Making It All Work does cover a full review of the GTD system, so you can read this title without having read Getting Things Done to learn about the mechanics of the system. However, what distinguishes this follow-up to Allen’s original book is that Making It All Work is primarily a study of why the GTD system meshes so well with human nature.

The fundamental essence of the GTD system can be distilled into one single question that Allen asks the reader of Making It All Work: “What have you not yet fully accepted and acknowledged that is pulling on your psyche, or on your company, or on your family, right at this moment?” This is the fundamental question that the GTD system eternally poses to those who integrate the system into their lives: “What actions are not taking place, because they haven’t been defined, because you haven’t reminded yourself about them, or because you’re simply avoiding them because you’re not trusting enough that they are the right ones?” The GTD system provides a practical application to help answer this question, but as Allen explores in Making It All Work, the question does have philosophical, even spiritual implications.
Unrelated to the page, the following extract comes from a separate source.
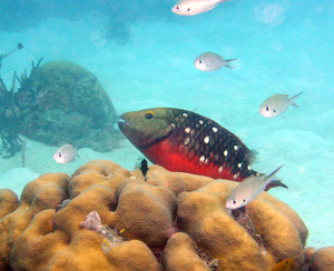 Taille maximum 50 cm. On rencontre ce grand perroquet sur les récifs et les zones rocheuses, plus rarement dans les herbiers, entre 2 et 50 mètres.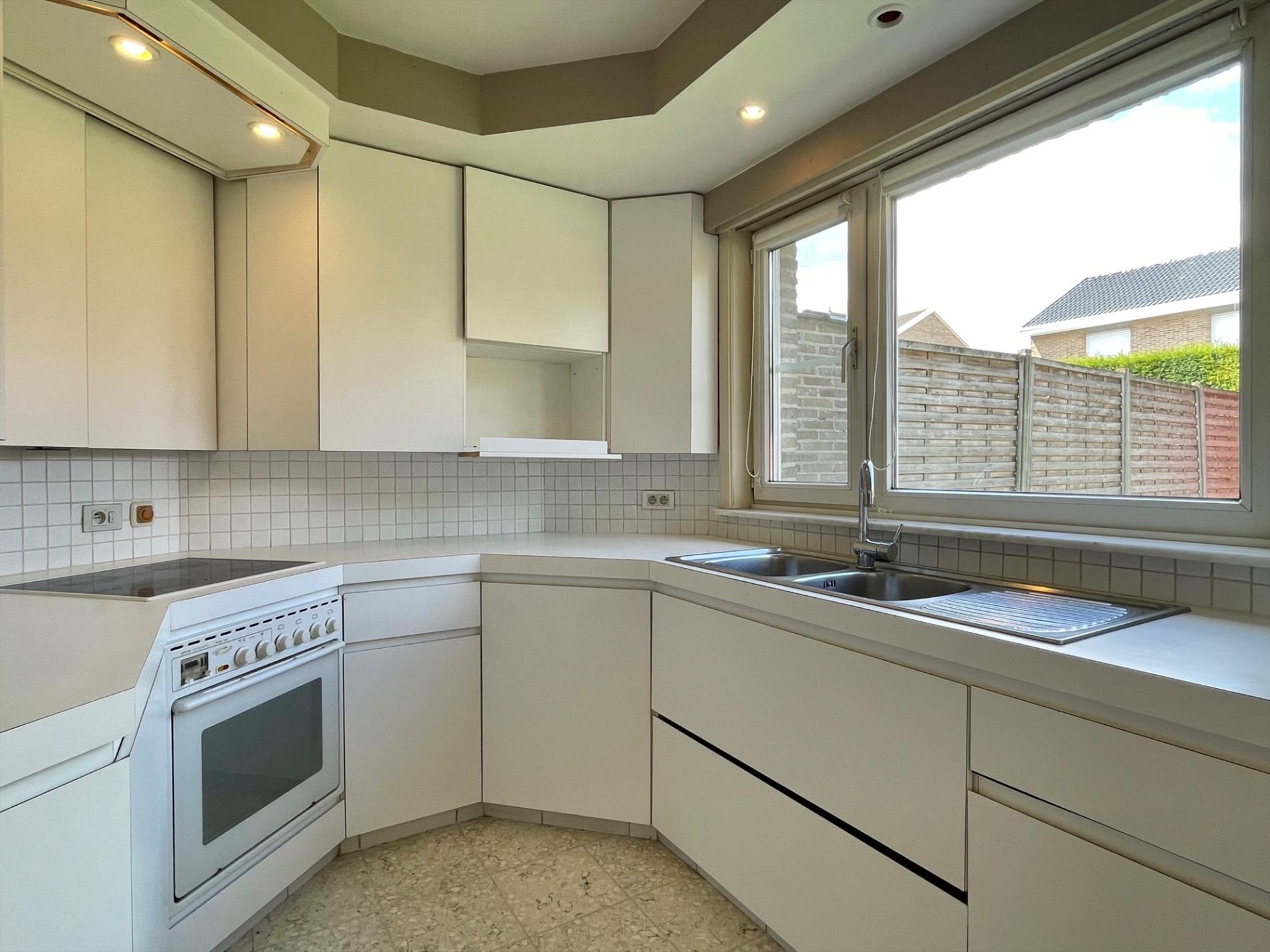- gelijkvloers: inkomhal met apart toilet, ruime woonkamer met zit- en eethoek, uitgeruste keuken met eethoek.

Allen’s prescription for avoidance, procrastination, apathy and psychological inertia is summarized in a single aphorism: “Pay attention to what has your attention”, and he reinforces this phrase and concept throughout the book. The down-to-earth practicality of the GTD system is quite deceptive: at its core, GTD is actually about raising your level of consciousness and self-awareness, as well as fostering a healthy sense of inner-congruence. “Pay attention to what has your attention” could just as well be an aphorism overheard during spiritual instruction of monks in a secluded monastery.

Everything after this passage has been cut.